The 43M Zrínyi II was a Hungarian assault gun of the World War II period based on the Turán chassis. While the Turán in itself wasn't particularly successful, it did give birth to a rather good self-propelled-gun: the Zrínyi assault gun.

Development

The Zrínyi's development process started in 1942; after the Hungarian delegation had the chance to witness the success of the StuG III Ausf. F armed with a long 75 mm anti-tank gun or short 105 mm howitzer.

Hungary attempted to negotiate with Germany to try and acquire StuG IIIs. However, they could only receive a fraction of what they needed, and started to design a similar vehicle of their own.

Following the success of assault guns on the Eastern Front, the situation required the fastest way possible to start the production of a vehicle of the same role.
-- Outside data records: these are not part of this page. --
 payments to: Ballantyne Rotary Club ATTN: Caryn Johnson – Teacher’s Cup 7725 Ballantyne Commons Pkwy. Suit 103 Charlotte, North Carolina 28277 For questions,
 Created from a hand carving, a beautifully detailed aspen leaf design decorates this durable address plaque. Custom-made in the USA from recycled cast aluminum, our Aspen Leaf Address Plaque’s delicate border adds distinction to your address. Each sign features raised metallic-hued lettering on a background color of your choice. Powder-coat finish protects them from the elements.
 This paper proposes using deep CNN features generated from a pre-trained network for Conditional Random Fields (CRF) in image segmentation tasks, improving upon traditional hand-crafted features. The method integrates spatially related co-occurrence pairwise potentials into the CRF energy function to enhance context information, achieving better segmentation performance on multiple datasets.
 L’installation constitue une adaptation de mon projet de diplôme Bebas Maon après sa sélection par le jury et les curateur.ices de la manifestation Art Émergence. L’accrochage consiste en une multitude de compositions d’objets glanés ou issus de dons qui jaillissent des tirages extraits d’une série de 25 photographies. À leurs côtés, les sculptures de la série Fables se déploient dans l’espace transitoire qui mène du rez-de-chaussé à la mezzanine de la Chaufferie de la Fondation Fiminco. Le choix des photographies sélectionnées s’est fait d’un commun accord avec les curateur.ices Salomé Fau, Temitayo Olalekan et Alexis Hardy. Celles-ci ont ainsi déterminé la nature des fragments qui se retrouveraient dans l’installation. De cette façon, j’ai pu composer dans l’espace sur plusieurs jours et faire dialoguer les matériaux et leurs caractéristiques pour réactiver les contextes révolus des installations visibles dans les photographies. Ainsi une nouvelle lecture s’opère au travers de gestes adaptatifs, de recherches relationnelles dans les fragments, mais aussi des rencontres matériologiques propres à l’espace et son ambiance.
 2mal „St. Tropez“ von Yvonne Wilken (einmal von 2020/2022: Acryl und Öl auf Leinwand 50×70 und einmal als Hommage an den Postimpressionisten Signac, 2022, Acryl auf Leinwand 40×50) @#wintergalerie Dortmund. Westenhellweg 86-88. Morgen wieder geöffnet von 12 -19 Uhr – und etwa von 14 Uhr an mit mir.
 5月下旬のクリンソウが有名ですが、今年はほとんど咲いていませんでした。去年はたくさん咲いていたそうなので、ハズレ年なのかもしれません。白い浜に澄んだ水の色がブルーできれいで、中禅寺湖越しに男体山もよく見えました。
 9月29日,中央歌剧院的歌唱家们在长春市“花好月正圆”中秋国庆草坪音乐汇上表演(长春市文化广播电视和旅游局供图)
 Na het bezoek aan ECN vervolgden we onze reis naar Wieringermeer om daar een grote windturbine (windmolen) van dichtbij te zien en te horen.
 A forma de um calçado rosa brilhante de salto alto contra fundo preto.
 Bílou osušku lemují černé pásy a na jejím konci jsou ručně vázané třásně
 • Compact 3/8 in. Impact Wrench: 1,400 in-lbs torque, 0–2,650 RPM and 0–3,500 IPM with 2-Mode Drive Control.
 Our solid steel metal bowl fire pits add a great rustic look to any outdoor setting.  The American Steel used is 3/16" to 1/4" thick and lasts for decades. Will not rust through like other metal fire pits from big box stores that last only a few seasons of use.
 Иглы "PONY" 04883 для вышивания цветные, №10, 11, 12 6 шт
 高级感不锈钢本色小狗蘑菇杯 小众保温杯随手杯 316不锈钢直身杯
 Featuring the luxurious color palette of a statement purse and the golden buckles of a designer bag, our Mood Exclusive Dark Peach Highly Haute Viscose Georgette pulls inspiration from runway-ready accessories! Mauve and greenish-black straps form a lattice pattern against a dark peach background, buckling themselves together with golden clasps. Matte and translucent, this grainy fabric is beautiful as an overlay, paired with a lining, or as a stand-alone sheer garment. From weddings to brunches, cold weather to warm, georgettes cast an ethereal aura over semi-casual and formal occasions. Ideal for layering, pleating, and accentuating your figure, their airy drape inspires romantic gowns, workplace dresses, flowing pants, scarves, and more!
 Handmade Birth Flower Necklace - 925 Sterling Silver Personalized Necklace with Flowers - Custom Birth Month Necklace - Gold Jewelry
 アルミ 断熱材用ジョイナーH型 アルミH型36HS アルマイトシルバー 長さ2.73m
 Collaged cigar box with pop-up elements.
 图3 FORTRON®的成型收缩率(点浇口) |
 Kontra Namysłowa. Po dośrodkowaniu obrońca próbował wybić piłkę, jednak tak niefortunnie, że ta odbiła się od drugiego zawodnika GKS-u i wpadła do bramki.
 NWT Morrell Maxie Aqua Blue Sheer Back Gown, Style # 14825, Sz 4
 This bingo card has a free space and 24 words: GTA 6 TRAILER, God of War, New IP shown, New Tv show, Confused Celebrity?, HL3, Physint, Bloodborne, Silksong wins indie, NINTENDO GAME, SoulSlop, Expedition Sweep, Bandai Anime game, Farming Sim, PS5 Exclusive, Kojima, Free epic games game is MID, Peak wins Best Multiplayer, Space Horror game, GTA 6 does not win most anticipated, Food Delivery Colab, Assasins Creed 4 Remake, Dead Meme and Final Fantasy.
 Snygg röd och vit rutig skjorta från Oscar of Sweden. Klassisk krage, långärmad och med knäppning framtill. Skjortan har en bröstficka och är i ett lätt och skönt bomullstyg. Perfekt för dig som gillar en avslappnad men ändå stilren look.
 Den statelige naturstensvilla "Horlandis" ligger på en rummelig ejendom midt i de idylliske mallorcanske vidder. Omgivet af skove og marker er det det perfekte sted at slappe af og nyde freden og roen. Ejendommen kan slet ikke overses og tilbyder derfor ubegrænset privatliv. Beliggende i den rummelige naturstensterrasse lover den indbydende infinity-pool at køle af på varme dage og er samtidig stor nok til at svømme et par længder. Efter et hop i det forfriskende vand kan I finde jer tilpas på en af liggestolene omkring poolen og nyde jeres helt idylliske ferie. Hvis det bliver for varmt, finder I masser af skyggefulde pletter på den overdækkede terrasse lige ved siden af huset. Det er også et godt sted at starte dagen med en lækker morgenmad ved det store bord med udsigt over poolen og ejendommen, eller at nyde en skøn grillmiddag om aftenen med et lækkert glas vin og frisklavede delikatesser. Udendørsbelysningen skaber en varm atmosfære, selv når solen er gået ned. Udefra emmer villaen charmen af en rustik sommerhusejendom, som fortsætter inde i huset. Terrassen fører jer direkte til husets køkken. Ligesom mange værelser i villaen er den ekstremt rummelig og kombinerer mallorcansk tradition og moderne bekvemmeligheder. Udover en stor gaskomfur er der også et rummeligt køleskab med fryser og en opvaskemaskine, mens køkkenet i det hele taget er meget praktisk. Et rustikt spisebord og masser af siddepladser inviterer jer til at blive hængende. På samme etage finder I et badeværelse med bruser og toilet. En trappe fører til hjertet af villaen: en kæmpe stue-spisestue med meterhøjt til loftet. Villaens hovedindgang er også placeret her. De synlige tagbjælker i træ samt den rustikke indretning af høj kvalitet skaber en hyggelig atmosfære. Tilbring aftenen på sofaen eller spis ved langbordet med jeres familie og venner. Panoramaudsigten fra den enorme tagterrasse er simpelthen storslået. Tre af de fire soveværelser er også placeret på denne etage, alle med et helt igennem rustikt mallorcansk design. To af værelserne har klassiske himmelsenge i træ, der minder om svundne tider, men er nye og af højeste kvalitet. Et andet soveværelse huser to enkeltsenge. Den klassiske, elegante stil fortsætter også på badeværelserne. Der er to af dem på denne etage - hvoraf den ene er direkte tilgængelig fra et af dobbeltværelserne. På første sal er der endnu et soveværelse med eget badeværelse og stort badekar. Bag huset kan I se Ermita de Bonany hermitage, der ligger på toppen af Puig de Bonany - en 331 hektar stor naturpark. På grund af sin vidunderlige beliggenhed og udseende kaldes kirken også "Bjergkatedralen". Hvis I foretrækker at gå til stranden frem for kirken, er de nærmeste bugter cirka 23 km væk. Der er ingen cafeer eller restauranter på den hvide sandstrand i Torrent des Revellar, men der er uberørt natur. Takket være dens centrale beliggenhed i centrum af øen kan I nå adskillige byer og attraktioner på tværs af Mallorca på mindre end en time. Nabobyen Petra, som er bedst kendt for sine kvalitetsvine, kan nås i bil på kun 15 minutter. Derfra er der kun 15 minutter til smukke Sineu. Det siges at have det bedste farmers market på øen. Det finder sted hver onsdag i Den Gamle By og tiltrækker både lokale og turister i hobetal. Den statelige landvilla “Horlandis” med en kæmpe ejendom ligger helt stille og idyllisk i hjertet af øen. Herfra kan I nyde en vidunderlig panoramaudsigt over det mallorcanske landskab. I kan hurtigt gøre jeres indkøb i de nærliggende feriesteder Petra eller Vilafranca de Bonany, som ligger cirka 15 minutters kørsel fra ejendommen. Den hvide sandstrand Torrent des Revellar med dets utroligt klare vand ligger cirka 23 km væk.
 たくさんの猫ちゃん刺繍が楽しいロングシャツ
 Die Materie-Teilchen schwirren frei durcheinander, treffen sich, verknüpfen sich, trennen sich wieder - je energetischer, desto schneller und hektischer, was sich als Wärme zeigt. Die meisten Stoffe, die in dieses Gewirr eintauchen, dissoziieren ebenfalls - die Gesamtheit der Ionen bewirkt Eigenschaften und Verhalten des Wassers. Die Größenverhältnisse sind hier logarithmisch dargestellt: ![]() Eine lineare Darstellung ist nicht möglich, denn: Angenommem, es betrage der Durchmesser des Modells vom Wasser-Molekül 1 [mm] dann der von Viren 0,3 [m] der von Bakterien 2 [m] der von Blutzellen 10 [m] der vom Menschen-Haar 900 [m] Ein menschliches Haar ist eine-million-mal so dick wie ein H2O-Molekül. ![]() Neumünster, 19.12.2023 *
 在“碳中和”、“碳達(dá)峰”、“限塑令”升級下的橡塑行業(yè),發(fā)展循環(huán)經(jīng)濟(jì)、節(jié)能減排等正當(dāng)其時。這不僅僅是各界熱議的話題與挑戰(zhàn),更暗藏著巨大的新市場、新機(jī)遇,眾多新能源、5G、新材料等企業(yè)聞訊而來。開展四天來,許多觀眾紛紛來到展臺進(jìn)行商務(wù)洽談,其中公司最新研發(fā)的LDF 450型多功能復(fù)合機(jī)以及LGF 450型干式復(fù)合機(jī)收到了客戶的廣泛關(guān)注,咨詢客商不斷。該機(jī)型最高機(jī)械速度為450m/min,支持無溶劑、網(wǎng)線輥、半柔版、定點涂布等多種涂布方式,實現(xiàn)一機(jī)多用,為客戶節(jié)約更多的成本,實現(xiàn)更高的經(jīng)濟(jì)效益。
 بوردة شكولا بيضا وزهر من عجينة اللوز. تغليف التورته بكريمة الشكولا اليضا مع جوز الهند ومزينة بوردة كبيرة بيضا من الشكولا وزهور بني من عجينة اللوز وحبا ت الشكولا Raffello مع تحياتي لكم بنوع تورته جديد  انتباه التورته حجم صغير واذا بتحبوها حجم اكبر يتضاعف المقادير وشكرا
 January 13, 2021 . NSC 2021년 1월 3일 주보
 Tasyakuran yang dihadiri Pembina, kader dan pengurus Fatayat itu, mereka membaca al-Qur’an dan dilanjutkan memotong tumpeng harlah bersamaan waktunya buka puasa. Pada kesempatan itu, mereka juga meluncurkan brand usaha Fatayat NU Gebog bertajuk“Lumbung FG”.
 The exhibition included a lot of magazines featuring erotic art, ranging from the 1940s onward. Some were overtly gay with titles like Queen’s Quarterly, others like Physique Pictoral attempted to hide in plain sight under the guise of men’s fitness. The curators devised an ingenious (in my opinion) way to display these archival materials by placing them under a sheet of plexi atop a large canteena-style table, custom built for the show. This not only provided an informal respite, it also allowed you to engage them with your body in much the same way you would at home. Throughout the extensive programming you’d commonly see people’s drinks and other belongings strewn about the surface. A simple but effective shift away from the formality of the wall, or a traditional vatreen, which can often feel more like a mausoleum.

The engineers at the Manfréd Weiss Works decided to use the base of the Turán tank as it was a proven, solid chassis already in use in the Hungarian army.

As for the armament, both a first variant mounting the long-barrelled 43M 75 mm anti-tank gun (which was still in development), and another version equipped with the 40M 105 mm MÁVAG howitzer which was compatible with the leFH 18's ammunition was considered.

Design
The hull of the Turán was made wider and higher to make space to house the large caliber cannon, with the front armor being reinforced to a total thickness of 75 mm.

The first variant would become the 44M Zrínyi I armed with the 43M 75 mm gun and 100 mm frontal armor, being accepted for service in 1944, and the latter one resulted in the 43M Zrínyi II. The Zrínyi II was armed with a short barrel (14 or 20.5 calibers) 105 mm MÁVAG 40/43M howitzer. The Zrínyi II's design was a traditional infantry support vehicle, while the Zrínyi I was hoped to fulfill an anti-tank role.

Production
After the successful army trials in December 1942, the military leadership ordered 40 Zrínyi IIs. These were finished until the end of 1943. In January 1944, 50 more vehicles were ordered, 20 of these rolled out of the factories between March and July.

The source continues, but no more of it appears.